Şu karşı dağın ardındaki köyde bir zamanlar İbo ile Memiş
adında iki komşu çocuğu varmış.
Bir gün, bu
çocukların babaları çocukların; hem sanat öğrenmeleri hem de para kazanıp
kendilerine yardımcı olmaları için kente götürüp iyi bir ustanın yanına çırak
olarak vermeyi kararlaştırmışlar.
Kısa zamana
hazırlıklarını yapıp her iki baba da çocuğunu anına alarak birlikte kente
gitmişler. Kentte işleri rast gitmiş, daha ilk geldikleri gün her iki çocuğa da
aynı ustanın yanında iş bulmuşlar.
Usta hem çok
dürüst, hem de çok iyi kalpli imiş. İbo ile Memiş'in babaları köye dönmeden
çocuklarını karşılarına alarak onlara:
-"Ustanız
çok iyi bir insan, sakın sözünden çıkmayın, tembellik edip de ustanızı
üzmeyin." diye öğüt vermişler, sonra da vedalaşıp köylerine dönmüşler.
İbo, pek iyi
kalpli bir çocuk değilmiş. Üstelik çok da tembelmiş. Memiş'e:
-"Sen boş
ver onların sözlerini. Doğrusu ben yalnız usta yanımızda iken çalışacağım. O
gidince yan gelip yatacağım. Aklın varsa sen de benim gibi yaparsın."
demiş. Ama Memiş:
-"Ben hiç
de senin gibi düşünmüyorum. Ben aldığım parayı hak etmek isterim. Hem ne kadar
çok çalışırsam o kadar çok şey öğrenirim." demiş.
Her iki çocuk
da dedikleri gibi yapmışlar. İbo yalnız usta yanında iken çalışmış, diğer
zamanlarda rahatına bakmış. Memiş ise var gücü ile çalışıp bir şeyler öğrenmeye
bakmış.
Usta çok akıllı
bir adammış. Çok geçmeden durumu anlamış. Memiş'e çok çalışmasının karşılığı
olarak sık sık bahşiş vermeye başlamış. Memiş de iyi kalpli olduğu için aldığı
bahşişlerin yarısını götürüp İbo'ya veriyormuş. İbo, Memiş'in bu iyiliğine
karşı ona teşekkür edeceğine:
-"Usta
mutlaka bahşişi ikimiz için veriyordu. Hem de kim bilir ne veriyordur da Memiş
çoğunu kendine ayırıp azını bana vererek beni kandırıyordur. Ama bir gün bir
yolunu bulur her şeyi ustaya anlatacak, onu ustanın gözünden düşüreceğim."

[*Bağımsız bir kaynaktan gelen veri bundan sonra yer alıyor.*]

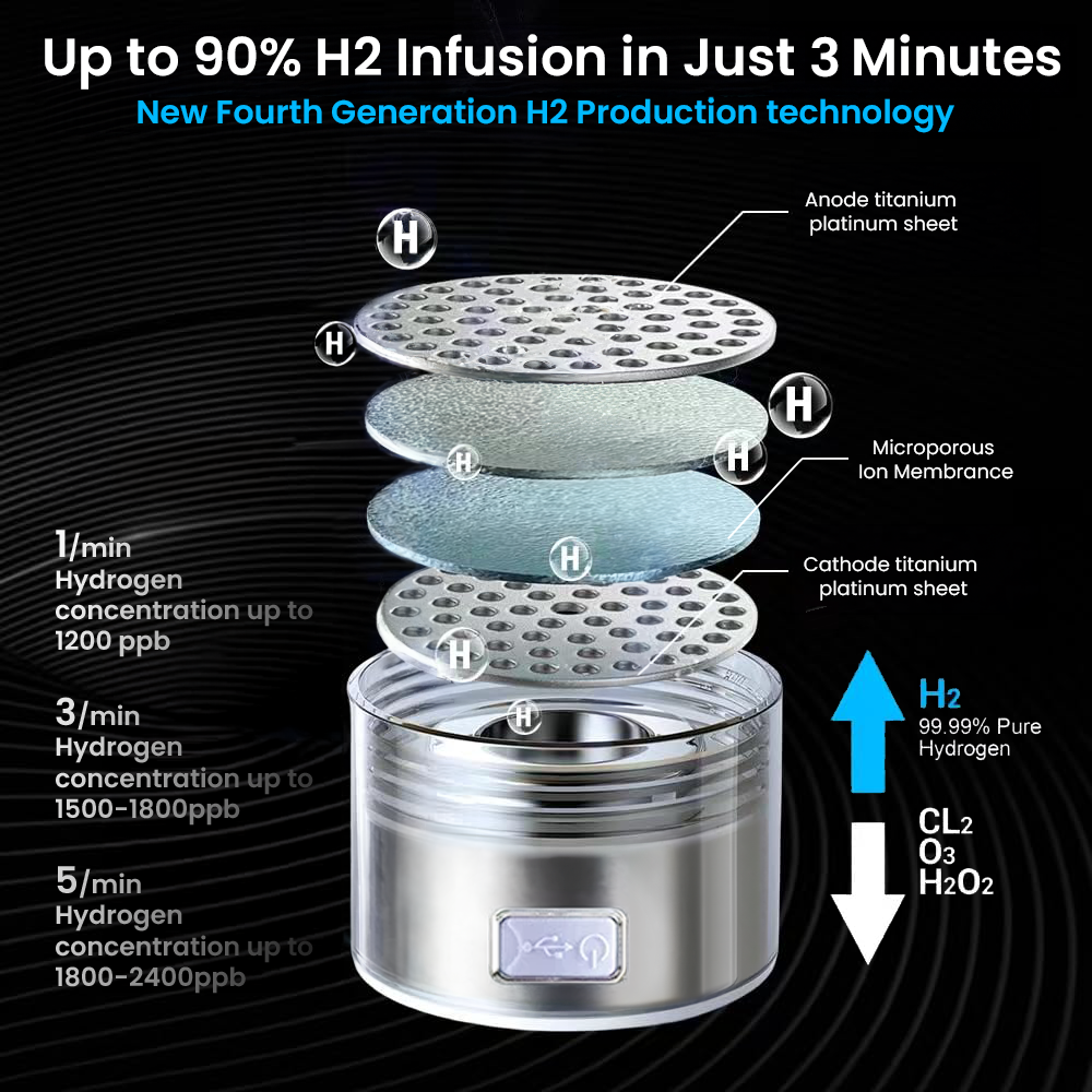 The HydroClear Bottle features two customizable settings for creating hydrogen-rich water tailored to your preferences. Opt for a quick, 3-minute cycle to achieve a hydrogen concentration of 1300ppb, perfect for when you're on the go.

diye için için Memiş'e kızıp diş biliyormuş.
Ustanın Memiş'i
işe gönderdiği bir gün İbo fırsattan yararlanıp:
-"Ustacığım
bilirsiniz ben Memiş'i çok severim. Ama o pek dürüst bir çocuk değil. Sizin
ikimiz için verdiğiniz bahşişlerin çoğunu kendisine ayırıyor pek azını bana
veriyor. İyisi mi bundan sonraki bahşişi bana verin, ben hak geçirmeden
aramızda pay edeyim." demiş.
İbo'nun sözleri
ustayı fena halde kızdırmış, ona:
-"Sen
yalnız tembel bir çocuk değil aynı zamanda yalancı ve kötü kalpliymişsin de.

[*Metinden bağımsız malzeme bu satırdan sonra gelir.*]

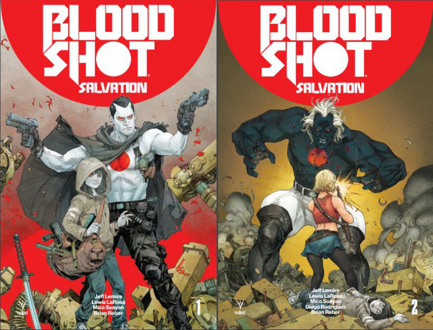 Con Blooshot Reborn (aquí, reseña de su primer número), Jeff Lemire ya nos enganchó de una manera magnífica a las aventuras de un personaje que, de base, puede parecerse a otros muchos pero que aquí cobró una personalidad increíble. Y con Blooshot Salvation lo ha vuelto a hacer. El cambio de escenario que se apuntaba en el epílogo de la serie anterior, Bloodshot U.S.A. (aquí, su reseña) es el punto de partida de esta nueva serie y se confirma como un gran acierto ya desde la primera secuencia. Que un superhéroe, o mejor digamos alguien con poderes para que Bloodshot no caiga en un saco en el que no es fácil encasillarle, tenga hijos es siempre una cuestión interesante. Lo que Lemire aporta a ese estereotipo que en el fondo ya hemos visto unas cuantas veces es una estructura temporal en dos fases. Vemos un futuro cercano y vemos el presente. Y lo hacemos, además, de la mano de dos dibujantes diferentes, Lewis LaRosa y Mico Suayan, para que de esa manera no hay equívoco posible de dónde nos encontramos. En otras palabras, Bloodshot Salvation le pone las cosas fáciles al lector para que no tenga que preocuparse más que de disfrutar de lo que está viendo. Y eso se consigue desde el principio, ya condicionados para bien con todo lo bueno que hemos leído hasta ahora pero sobre todo convencidos de lo que estamos viendo y de lo que puede venir.

Ben o bahşişleri çok çalıştığı için yalnız Memiş'e veriyordum. Sen onun iyi
kalpliliğine karşı ona iftira atıyorsun. Bundan sonra tembelliğinden ötürü sana
daha az haftalık vereceğim. Memiş'in haftalığını da iki katına çıkaracağım.

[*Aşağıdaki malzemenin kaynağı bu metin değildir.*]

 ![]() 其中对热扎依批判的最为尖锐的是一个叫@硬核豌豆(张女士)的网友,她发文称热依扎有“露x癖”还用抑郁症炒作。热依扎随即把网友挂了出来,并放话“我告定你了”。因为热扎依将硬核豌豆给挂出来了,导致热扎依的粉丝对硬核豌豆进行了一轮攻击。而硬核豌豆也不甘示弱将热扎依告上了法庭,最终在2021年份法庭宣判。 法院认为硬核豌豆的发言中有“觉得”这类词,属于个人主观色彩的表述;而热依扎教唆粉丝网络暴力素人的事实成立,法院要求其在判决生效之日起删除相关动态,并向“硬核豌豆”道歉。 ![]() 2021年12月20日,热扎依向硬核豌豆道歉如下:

İstersen burada çalışırsın, istemezsen kendine başka bir yer ararsın."
demiş.
O sırada bir
şey unuttuğu için yoldan geri dönen Memiş, kapının önünde bütün bu
konuşulanları işitmiş. Arkadaşının kendisi için söylediklerine çok üzülmüş,
gene de ustasına:
"Ustacığım
ne olur bu defalık İbo'yu bağışla. Bundan sonra daha çok çalışır, haftalığını
kesme" diye rica etmiş.
Usta da
Memiş'in hatırı için İbo'nun haftalığını kesmemiş ama Memiş'in haftalığını
arttırmış.
Böylece İbo
yaptığı kötülüğün karşılığını anlamış, hem de Memiş'ten aldığı bahşişten olmuş.